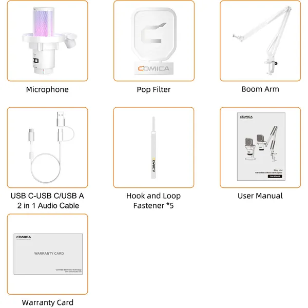 Comica Audio EJoy Uni A RGB Cardioid Condenser USB-C Microphone with Boom Arm (White)
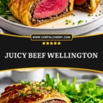 Golden, crisp puff pastry encasing a tender, juicy beef tenderloin – there’s nothing quite as show-stopping as a classic Juicy Beef Wellington. Whether you’re looking to impress guests at a holiday feast or elevate a date night dinner, this elegant dish balances bold flavors and refined textures. The savory mushroom duxelles, rich prosciutto, and perfectly cooked beef wrapped in buttery pastry create a symphony of luxurious flavor in every bite.
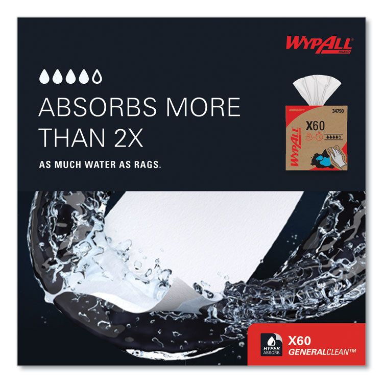 WypAll® General Clean X60 Cloths absorb more water than rags. They bring the absorbing power of HydroKnit technology (for superior absorbency) to a lighter-weight cloth. Designed to outperform laundered rags, the clothes help raise the standard for general-purpose cloths at a terrific value. They don't use adhesives or binders, so they'll leave no residue behind and they're reinforced for strength when wet or dry. These cleaning cloths are so sturdy that they can often be used more than once (once you've used them a few times, they're disposable). They're designed to reduce waste so you spend less. Pop-Up* Box. Towel/Wipe Type: Dry Wipes; Application: General Purpose; Hand Washing; Applicable Material: Metal; Plastic; Stainless Steel; Material(s): Hydroknit.

#### Task prompt:
Only the lines from the one with "Golden, crisp puff" to the end of the listing, both ends included, should be retyped exactly; no pictures belong in the copy.

#### Answer for this exercise:
 Golden, crisp puff pastry encasing a tender, juicy beef tenderloin – there’s nothing quite as show-stopping as a classic Juicy Beef Wellington. Whether you’re looking to impress guests at a holiday feast or elevate a date night dinner, this elegant dish balances bold flavors and refined textures. The savory mushroom duxelles, rich prosciutto, and perfectly cooked beef wrapped in buttery pastry create a symphony of luxurious flavor in every bite.
 WypAll® General Clean X60 Cloths absorb more water than rags. They bring the absorbing power of HydroKnit technology (for superior absorbency) to a lighter-weight cloth. Designed to outperform laundered rags, the clothes help raise the standard for general-purpose cloths at a terrific value. They don't use adhesives or binders, so they'll leave no residue behind and they're reinforced for strength when wet or dry. These cleaning cloths are so sturdy that they can often be used more than once (once you've used them a few times, they're disposable). They're designed to reduce waste so you spend less. Pop-Up* Box. Towel/Wipe Type: Dry Wipes; Application: General Purpose; Hand Washing; Applicable Material: Metal; Plastic; Stainless Steel; Material(s): Hydroknit.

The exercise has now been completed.